### MATERIAL PROVIDED
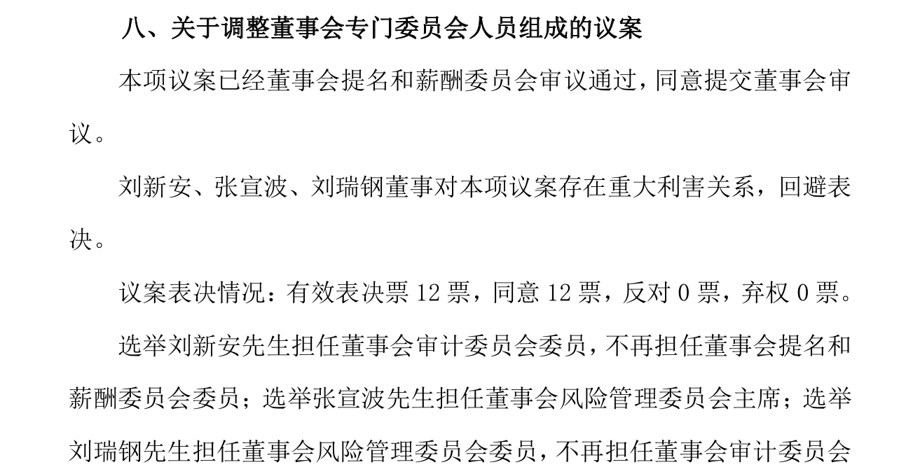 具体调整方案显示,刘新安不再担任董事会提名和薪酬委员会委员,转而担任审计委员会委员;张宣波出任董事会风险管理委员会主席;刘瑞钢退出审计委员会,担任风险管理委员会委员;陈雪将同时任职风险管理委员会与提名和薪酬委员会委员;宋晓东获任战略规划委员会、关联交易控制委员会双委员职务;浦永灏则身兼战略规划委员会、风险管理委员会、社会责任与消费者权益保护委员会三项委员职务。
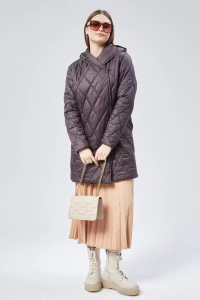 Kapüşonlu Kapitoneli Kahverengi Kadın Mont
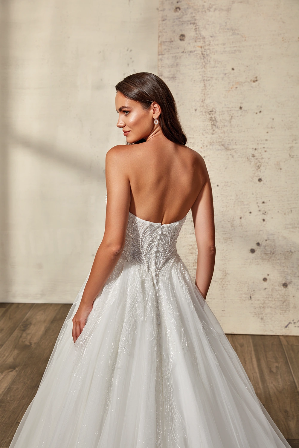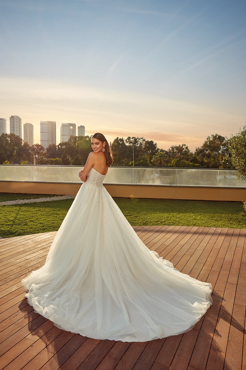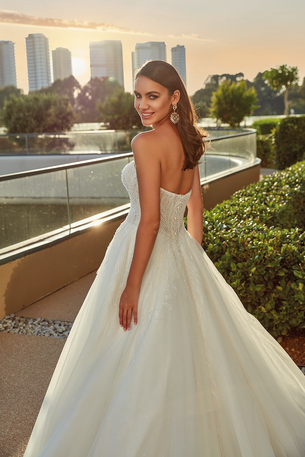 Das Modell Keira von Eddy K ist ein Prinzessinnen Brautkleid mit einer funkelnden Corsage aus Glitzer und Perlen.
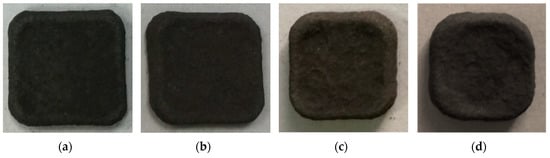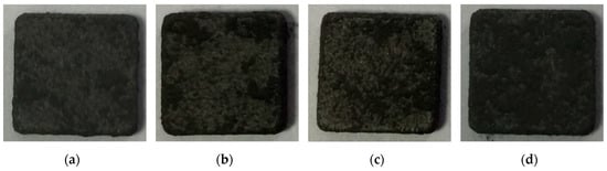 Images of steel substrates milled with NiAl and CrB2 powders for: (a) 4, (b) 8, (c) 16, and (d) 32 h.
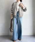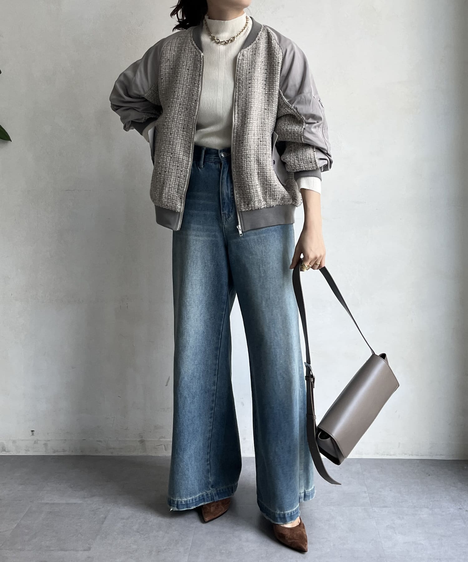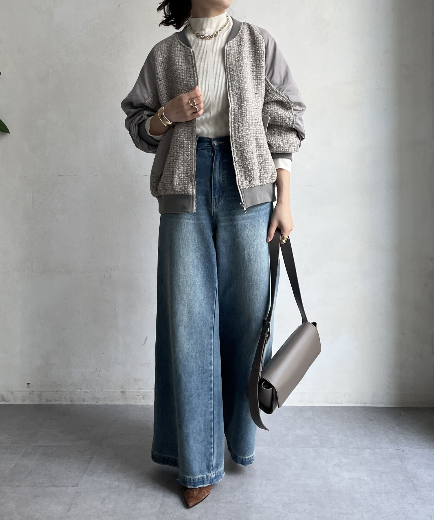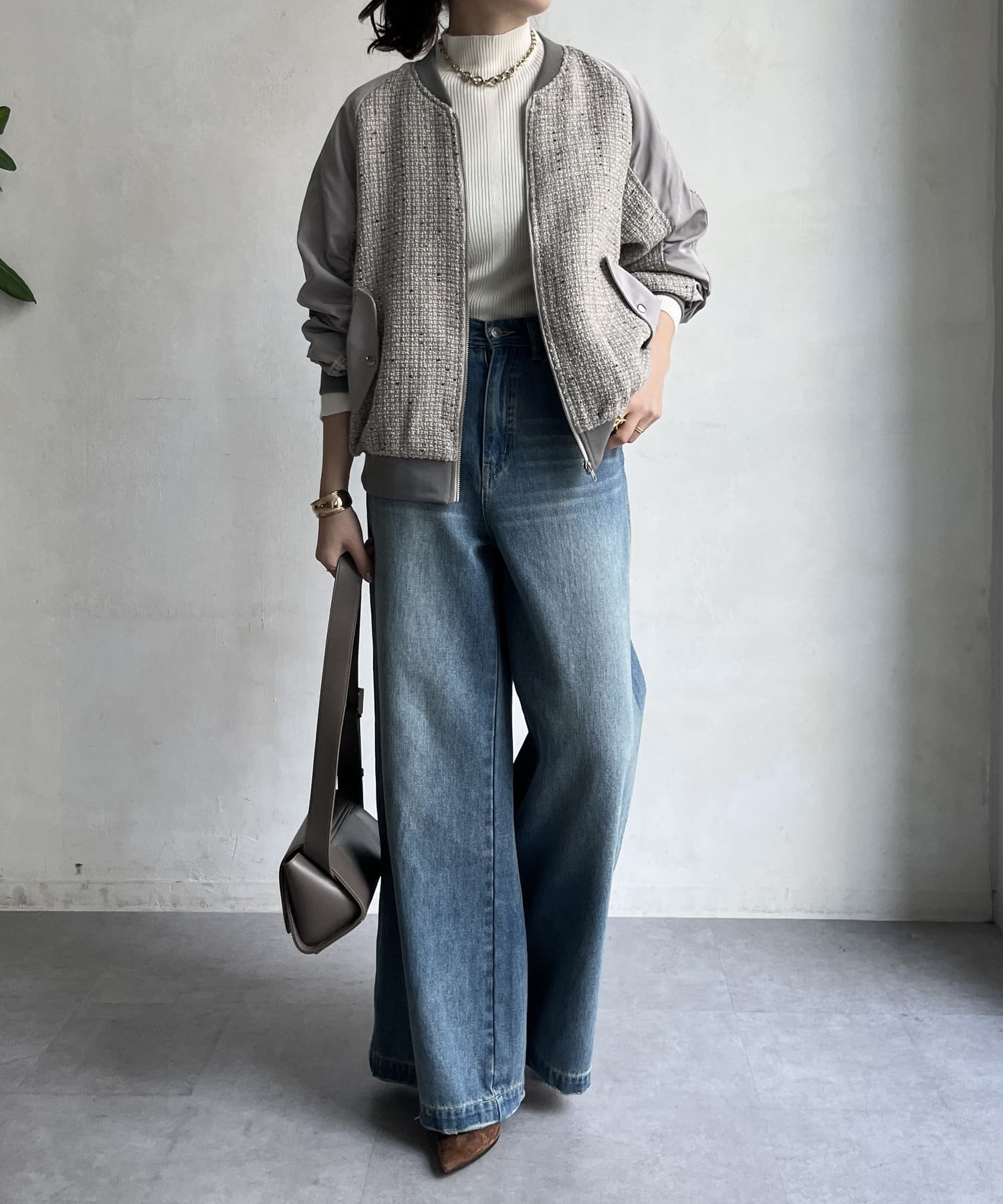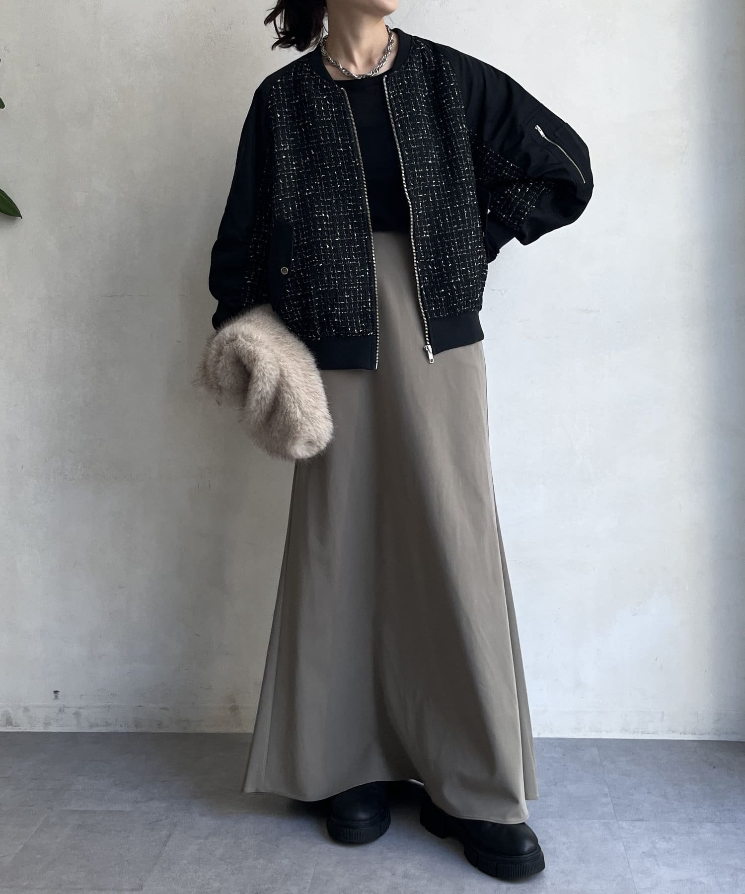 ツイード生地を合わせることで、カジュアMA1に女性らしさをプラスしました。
--
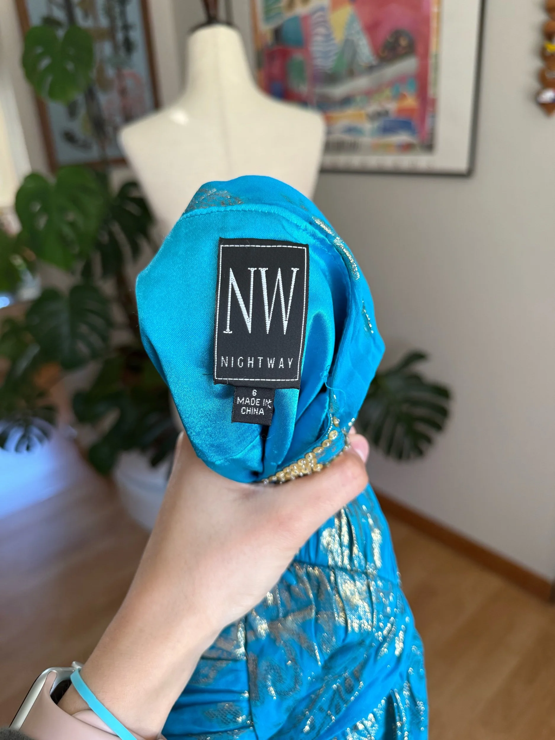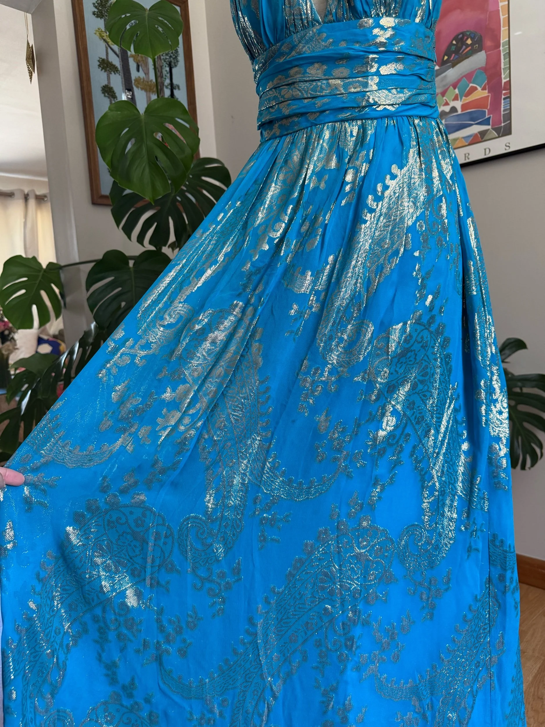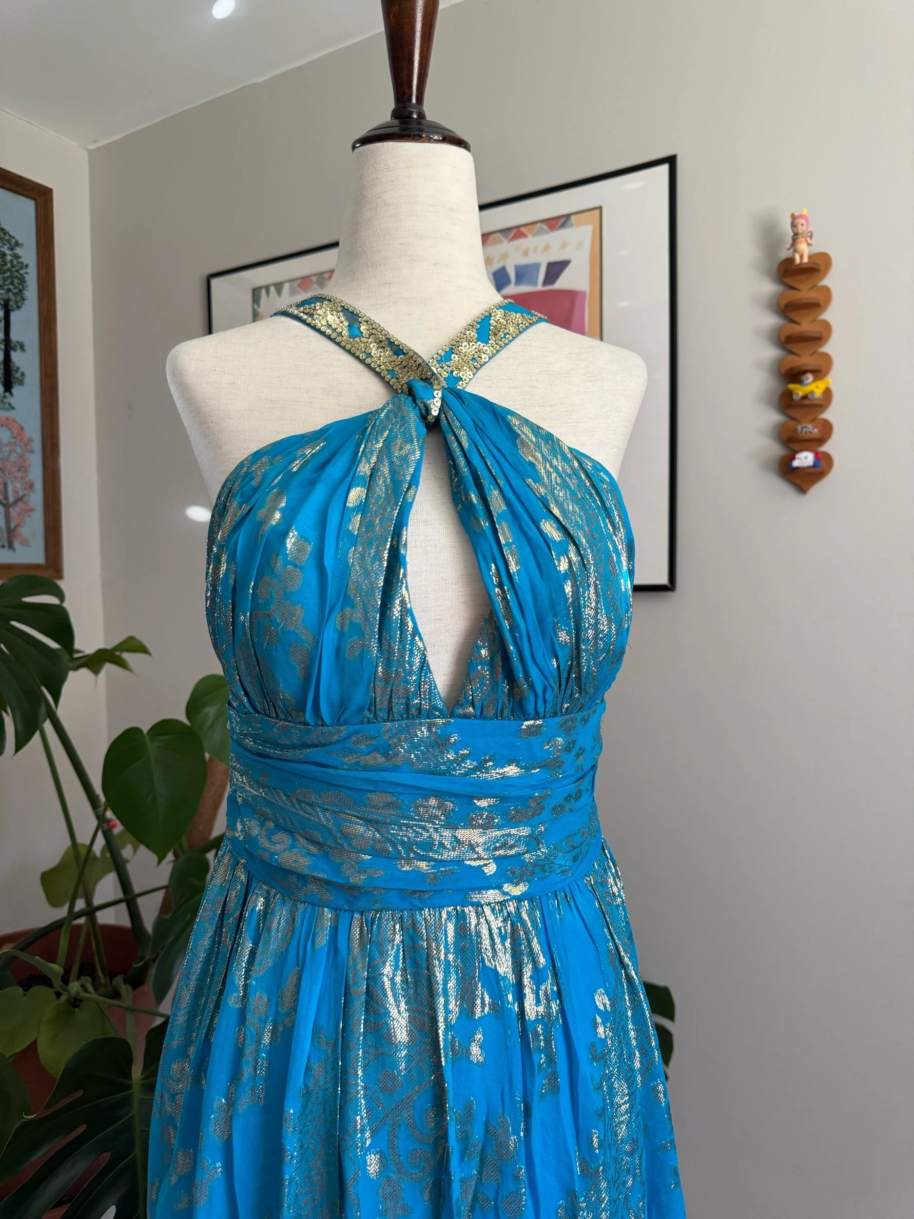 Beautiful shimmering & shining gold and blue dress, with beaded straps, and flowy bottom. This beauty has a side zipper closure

### EXERCISE BRIEF
Would you please repeat only the lines above, beginning at the one that has "具体调整方案显示,刘新安不再" and stopping after the one that has "ツイード生地を合わせることで、カジュアMA1に女性らしさをプラスしました。", exactly and with no pictures?

### RESPONSE AREA
 具体调整方案显示,刘新安不再担任董事会提名和薪酬委员会委员,转而担任审计委员会委员;张宣波出任董事会风险管理委员会主席;刘瑞钢退出审计委员会,担任风险管理委员会委员;陈雪将同时任职风险管理委员会与提名和薪酬委员会委员;宋晓东获任战略规划委员会、关联交易控制委员会双委员职务;浦永灏则身兼战略规划委员会、风险管理委员会、社会责任与消费者权益保护委员会三项委员职务。
 Kapüşonlu Kapitoneli Kahverengi Kadın Mont
 Das Modell Keira von Eddy K ist ein Prinzessinnen Brautkleid mit einer funkelnden Corsage aus Glitzer und Perlen.
 Images of steel substrates milled with NiAl and CrB2 powders for: (a) 4, (b) 8, (c) 16, and (d) 32 h.
 ツイード生地を合わせることで、カジュアMA1に女性らしさをプラスしました。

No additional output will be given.